The Power of Data - What About Move-Outs

The Power of Data: What About Customer Move-Outs?

In a previous blog, we talked about understanding new customer move-ins. But what about existing customer move-outs? This “flip side” key performance index (KPI) is equally important to understand, because it is about losing customers as they decide to move out.

Analyzing the same data as before, we are looking at a self-storage operator who has experienced relatively stable occupancy for the past 18 months. We highlighted several core KPI’s of especially strong interest based on revenue per square foot.

We talked about how revenue per square foot (when based on total square feet of a facility) is often a good, and easily understood metric for total revenue. It “normalizes” revenue, so it is often a more robust metric when used in trend analysis. For existing customer move-outs, we look at two aspects of revenue per square foot:

  1. Based only on occupied units.
  2. Based on existing customer move-outs.

Dashboard Graph Example Move-Outs

Analyzing Move-Outs in Isolation

If we strictly focus on the purple line, existing customer move-outs, we see that it bumps along with ups and downs depending on month:

  • Notice increases in move-out revenue (loss) on January, March, June, August, October, December of 2021, and February 2022.
  • Conversely, there were decreases move-outs in the month or months following.
  • There are no observable cyclicality in the data presented. There was an increase in move-outs in January 2021, followed by a dip in February. The opposite is true in 2022, where there was a dip in January, followed by an increase in February.
  • However, the overall move-out trend is in an upward trajectory. That means the losses of move-out revenue over time is increasing. In isolation, this would be an disconcerting trend. As we shall see, this may not be the case.

Analyzing Move-Outs Relative to Occupied Units.

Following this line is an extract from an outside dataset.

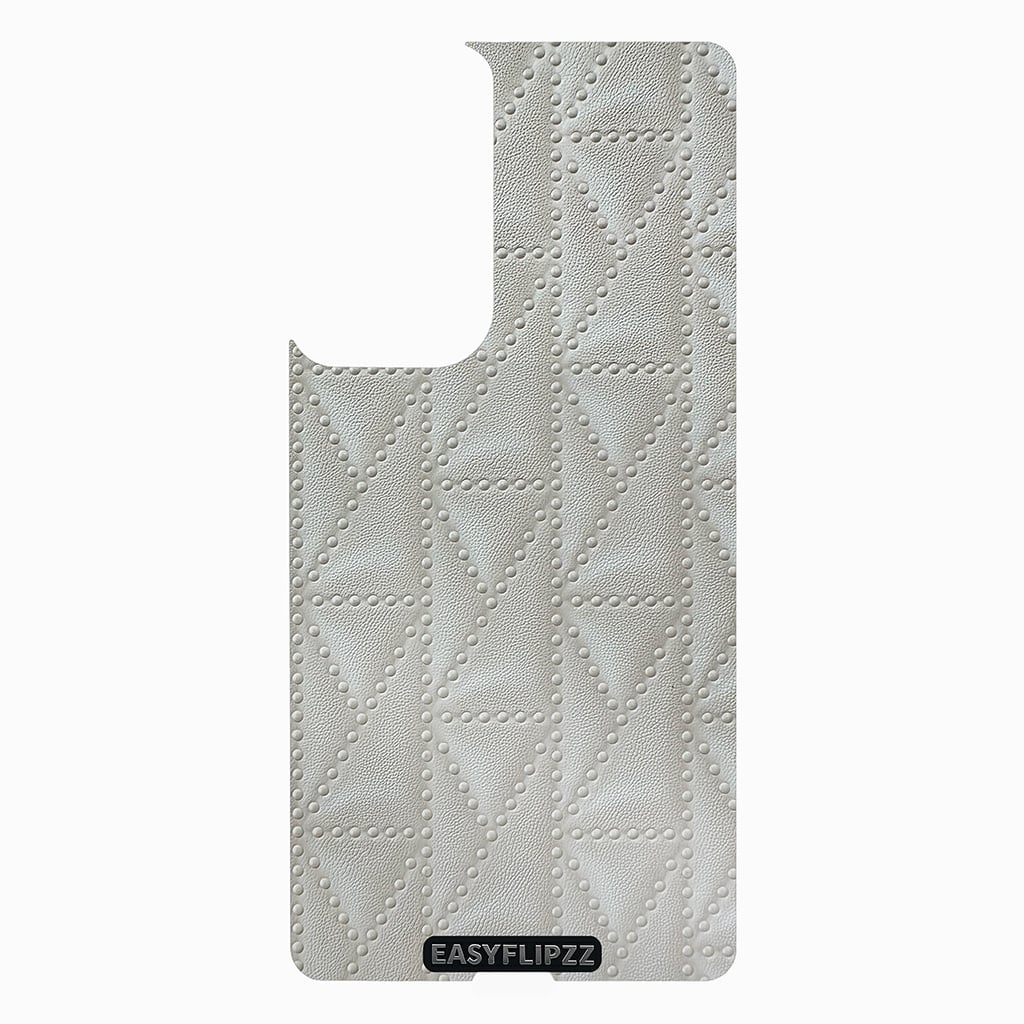 Backflipzz 03 GD Beige Dimension voor Samsung A & S brengt ingetogen luxe met beige vinyl en verfijnd 3D-reliëf. Magnetisch verwisselbaar en zorgvuldig afgewerkt voor jouw Chameleon Pro.

If we look at move-out data compared to occupied data, the black line, a different perspective emerges:

  • Occupied revenues per square foot has steadily increased over time. That is a good thing, as the operator is able to gain more revenue per square foot over time, as long as the trend exceeds that of inflation.
  • Looking again back to move-out revenues (loss), it makes sense that those revenues will increase over time as well. Those higher revenue occupied units, when customers move out, will likewise result in a higher loss of revenues as well.

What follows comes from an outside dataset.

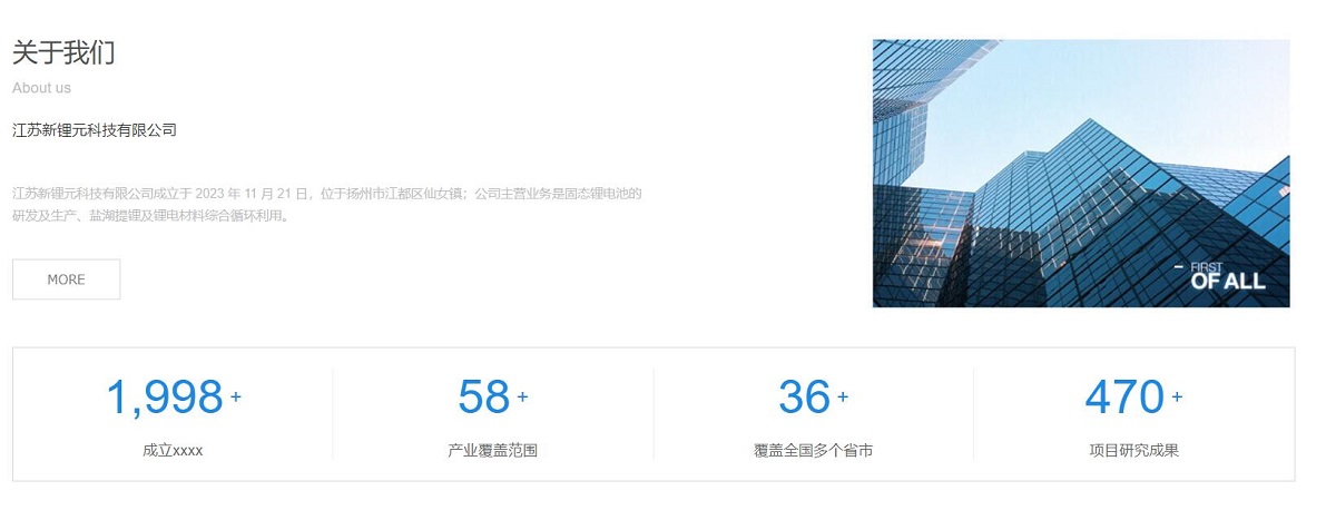 江(jiang)蘇新(xin)锂元科(ke)技(ji)有(yǒu)限(xian)公(gōng)司成(cheng)立于(yu) 2023 年(nian) 11 月 21 日(ri),位于(yu)揚州市(shi)江(jiang)都區(qu)仙女鎮;公(gōng)司主(zhu)營(ying)業務(wu)昰(shi)固态锂電(dian)池的(de)研髮(fa)及(ji)生(sheng)産(chan)、鹽湖(hú)提锂及(ji)锂電(dian)材(cai)料綜郃(he)循環利用(yong)網站建(jian)設(shè)。

What if Move-Out and Occupied Revenues Trend in Opposite Directions?

We noted there were months where move-out revenues increased over the previous month. In this case, profitability will take a hit. Existing customers of units yielding higher revenue per square foot are moving out more. It is worthwhile to consider why.

  • Are rent increases too aggressive for those already higher-paying customers?
  • Or is it a delayed response to a previous, lower move-out month?
  • If there were observable cycles, that could explain increases (and decreases). However, based on the data, this is not the case.

We also noted there were months where move-out revenues decreased over the previous month. This is good for profits, and it’s worthwhile to identify factors to replicate this scenario.

  • What were the rent increases during that month?
  • Which particular type of unit were rent increases made, and which ones were the move-outs?
  • Could rents have been increased a bit more to further profitability?
  • What were the rent increase “tipping points” where, if exceeded, would push a increase in move-out revenues, the bad-for-profit scenario.

Looking at customer move-outs is a continuation of a data-drive approach. By truly understanding the factors driving the data, operators can significantly improve their overall revenues, and thereby profits, over time.

In a future blog, we will see the interplay between occupied unit revenues, new customer move-ins, and existing customer move-outs.